Том 8. Анна Каренина - Страница 57


К оглавлению

57

Весна — время планов и предположений. И, выйдя на двор, Левин, как дерево весною, еще не знающее, куда и как разрастутся эти молодые побеги и ветви, заключенные в налитых почках, сам не знал хорошенько, за какие предприятия в любимом его хозяйстве он примется теперь, но чувствовал, что он полон планов и предположений самых хороших. Прежде всего он прошел к скотине. Коровы были выпущены на варок и, сияя перелинявшею гладкою шерстью, пригревшись на солнце, мычали, просясь в поле. Полюбовавшись знакомыми ему до малейших подробностей коровами, Левин велел выгнать их в поле, а на варок выпустить телят. Пастух весело побежал собираться в поле. Бабы-скотницы, подбирая поневы, босыми, еще белыми, не загоревшими ногами шлепая по грязи, с хворостинами бегали за мычавшими, ошалевшими от весенней радости телятами, загоняя их на двор.
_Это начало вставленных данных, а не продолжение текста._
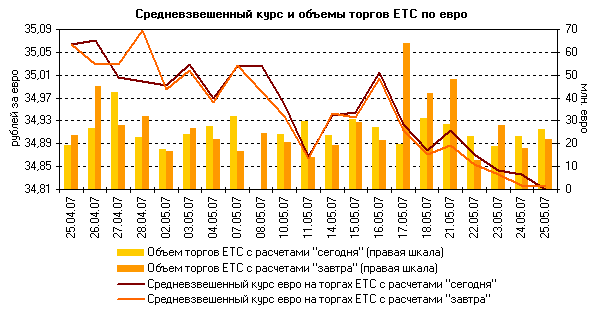 II.4. Динамика курсов доллара США и евро к рублю и показатели биржевых торгов за период с 21 по 25 мая 2007 года
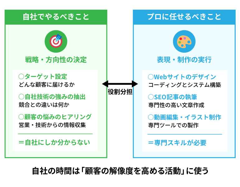 「何を言うか(戦略)」は自社で考え、「どう伝えるか(表現)」はプロに任せるのが基本です。
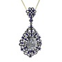 Beyaz zirkon ve lab safir 925 ayar siyah rodyum kaplama gümüş kolye (40 cm gümüş rolo zincir)
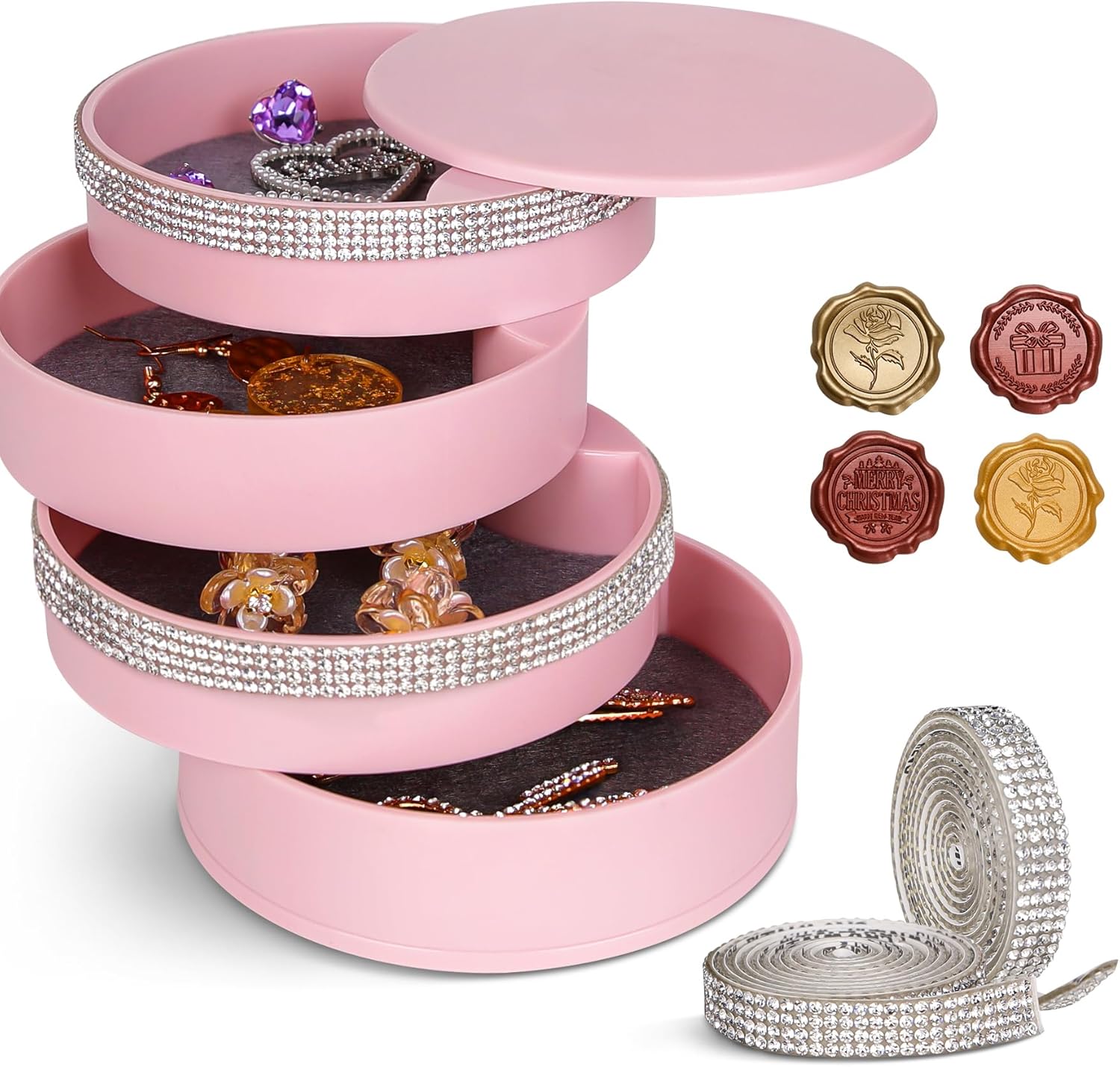 - ♥【Create Your Own Masterpiece】- Packaging includes: 2 x rhinestone ribbons, 4 x wax seals stickers and jewelry box, that unleash your creativity and design a one-of-a-kind Jewelry Box. Crafted with love and attention to detail, it's a precious keepsake that captures special memories.
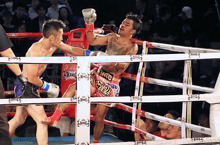 ムエタイテクニックを駆使して攻める松崎、はぐらかしながらポイントを押さえるように隙を狙って攻撃してくるバンサパン選手。
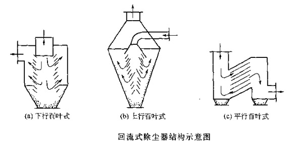 (2) 回流式除塵器結(jié)構(gòu)形式 該除塵器特點是把進氣流用擋板分割為小股氣流。為使任意一股氣流都有同樣的較小回轉(zhuǎn)半徑及較大回轉(zhuǎn)角,可以采用各種擋板結(jié)構(gòu),_典型的便如圖所示的百葉擋板。
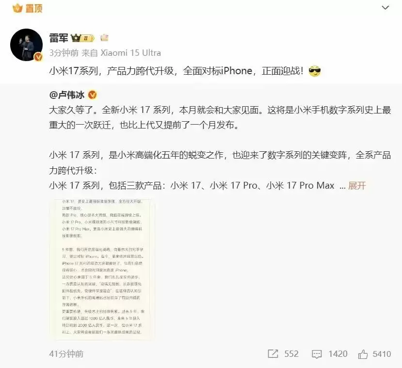 首当其冲的是小米。在苹果发布会5天后,小米集团总裁,手机部总裁,小米品牌总经理卢伟冰发文称,全新小米17系列将在本月发布。随后,雷军转发并称:小米17系列,产品力跨代升级,全面对标iPhone,正面迎战。

Полюбовавшись на приплод нынешнего года, который был необыкновенно хорош, — ранние телята были с мужицкую корову, Павина дочь, трех месяцев, была ростом с годовых, — Левин велел вынести им наружу корыто и задать сено за решетки. Но оказалось, что на не употребляемом зимой варке сделанные с осени решетки были поломаны. Он послал за плотником, который по наряду должен был работать молотилку. Но оказалось, что плотник чинил бороны, которые должны были быть починены еще с масленицы. Это было очень досадно Левину. Досадно было, что повторялось это вечное неряшество хозяйства, против которого он столько лет боролся всеми своими силами. Решетки, как он узнал, ненужные зимой, были перенесены в рабочую конюшню и там поломаны, так как они и были сделаны легко, для телят. Кроме того, из этого же оказывалось, что бороны и все земледельческие орудия, которые велено было осмотреть и починить еще зимой и для которых нарочно взяты были три плотника, были непочинены, и бороны все-таки чинили, когда надо было ехать скородить. Левин послал за приказчиком, но тотчас и сам пошел отыскивать его. Приказчик, сияя так же, как и всё в этот день, в обшитом мерлушкой тулупчике шел с гумна, ломая в руках соломинку.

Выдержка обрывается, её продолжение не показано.